A simplified method is the alternative measurement method, which simply assigns 1.0 FTEs to any employee who works 40 hours a week or more and then assigns 0.5 FTEs for any employee who works fewer than 40 hours a week.
|Employee||Scheduled Hours||FTE Calculation|
|Total||145 hours||2.5 FTEs|
As you can see, we assigned 1.0 to any employee that worked 40 hours or more and 0.5 for any employee who worked fewer than 40 hours. The calculation method gave us 3.4 full-time equivalents, whereas the alternative method totals 2.5 full-time equivalents.

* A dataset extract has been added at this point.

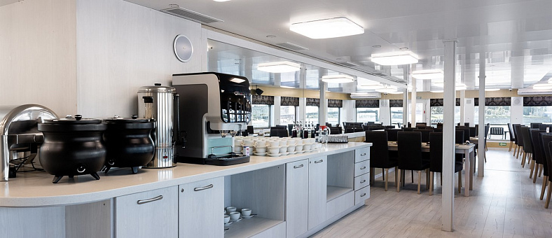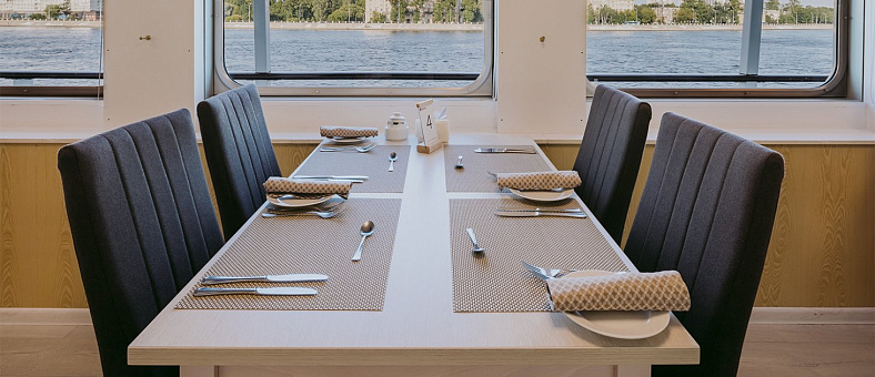 При разработке меню для ресторанов на борту наши шеф-повара вдохновлялись кулинарными традициями побережья Чёрного моря, Волги, Дона, озёрного края Северо-Запада России. Мы используем свежие локальные продукты, характерные для этих регионов, и предлагаем нашим гостям попробовать блюда, которые отражают гастрономические особенности народов нашей страны. Благодаря концепции «Родные берега», вы получите более полное представление о том месте, в котором находитесь, откроете новую палитру вкусовых ощущений и обретёте дружную компанию единомышленников.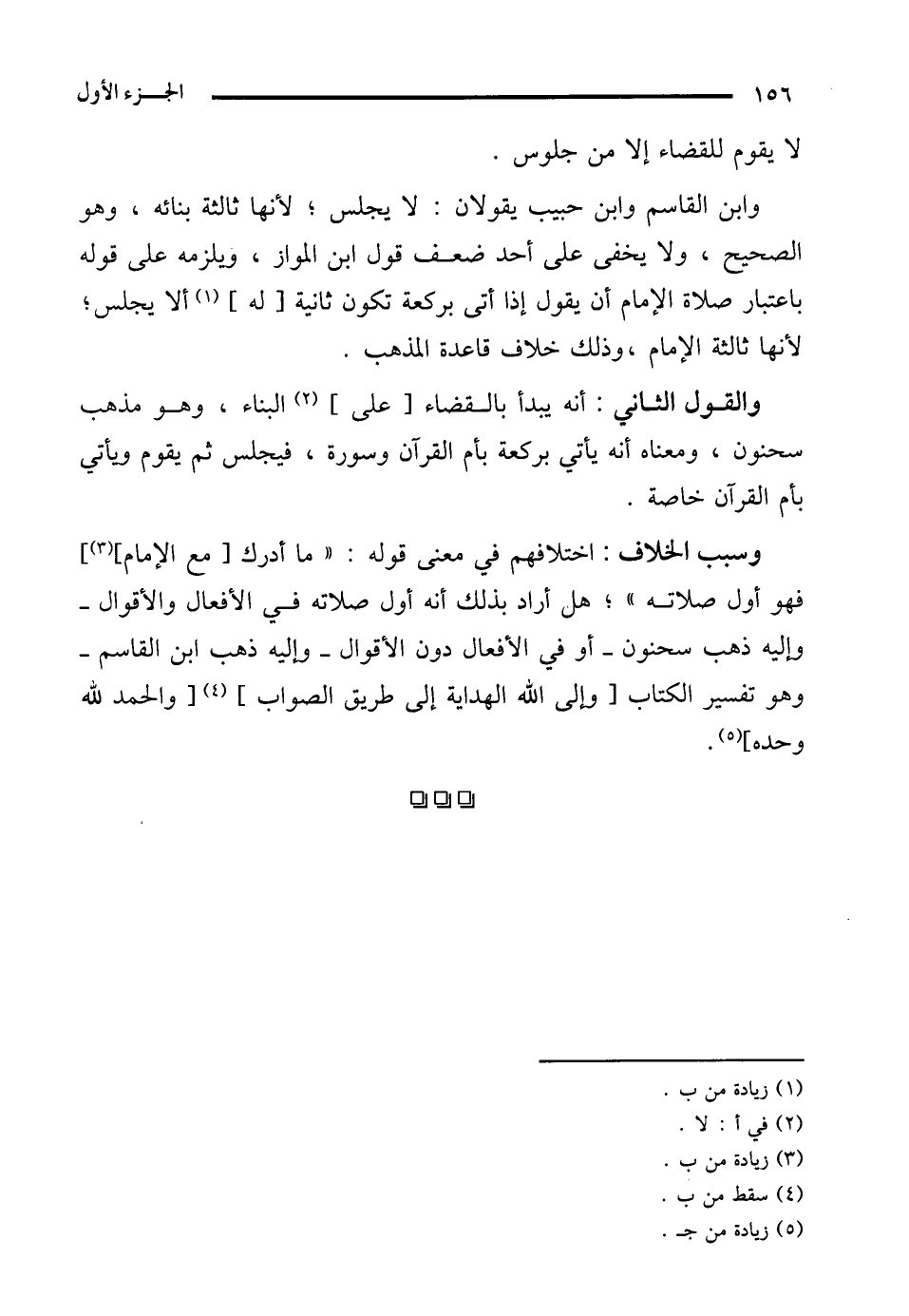 وسبب الخلاف: اختلافهم في معنى قوله: "ما أدرك [مع الإِمام] (¬3) فهو أول صلاته"؛ هل أراد بذلك أنه أول صلاته في الأفعال والأقوال -وإليه ذهب سحنون- أو في الأفعال دون الأقوال -وإليه ذهب ابن القاسم- وهو تفسير الكتاب [وإلى الله الهداية إلى طريق الصواب] (¬4) [والحمد لله وحده] (¬5).

Just to reiterate, the borrower can choose which method would be the most beneficial to them as an employer. You want to use the calculation method that doesnʼt inflate the FTE count.
In terms of salary and hourly wage reduction, employers cannot reduce employee salaries by more than 25% during the Covered Period or the Alternative Payroll Covered Period. If you restore your wage levels to the pre-pandemic rates, your forgiveness may not be impacted.
You will want to compare your salary or hourly wages from the Covered Period to the period of January 1st, 2020 to March 21st, 2020 to determine if you have any salary or hourly wage reductions.
PPP Forgiveness Safe Harbors
“Smaller businesses are taking a bigger hit through the pandemic. Those businesses are also less likely to have access to an adequate source of liquidity in the current economic environment.“
Many of you might have thought you had to apply as quickly as possible because of certain “first come, first served”-type messaging. Then, the Small Business Administration (SBA) said that the loans needed to be certified in good faith. Applicants needed to prove that the current economic uncertainty made the loan necessary to support their ongoing operations.
The good news is that the SBA then implemented a “Safe Harbor” policy which states that if you received a loan under $2 million, it will be presumed that you clarified the necessity of the loan in good faith. The reason for this is that smaller businesses are taking a bigger hit through the pandemic. Those businesses are also less likely to have access to an adequate source of liquidity in the current economic environment.
Additionally, the SBA just doesn’t have the bandwidth to review all these loans, so they decided to focus their auditing resources on larger loans.
There is also a Safe Harbor policy in place surrounding the reduction of your FTE count. This states that loan forgiveness will not be impacted if both the following conditions are met:
- You reduced FTE employee levels in the period beginning February 15th, 2020, and ending April 26th, 2020;
- You restored FTE employee levels by June 30th, 2020 — to FTE levels during the pay period that included February 15th, 2020.
There are also exceptions to the FTE reductions. The first exception states that if you had to lay off and then recall employees, but had employees voluntarily reject that offer, your forgiveness will not be impacted. To keep this exception, you must do the following:
- Offer the employee the same salary or wages and the same number of hours,
- Document a written offer to rehire the employee, and
- Document the employee’s rejection of that offer.
It’s also important to note that any employee who rejects this offer for reemployment may forfeit eligibility for unemployment.
The second FTE reduction exception states that forgiveness will not be impacted by any employees who were fired for cause, who voluntarily resigned, or who voluntarily requested and received a reduction of their hours.
Any FTE reductions, in this case, do not reduce your loan forgiveness, which is great news!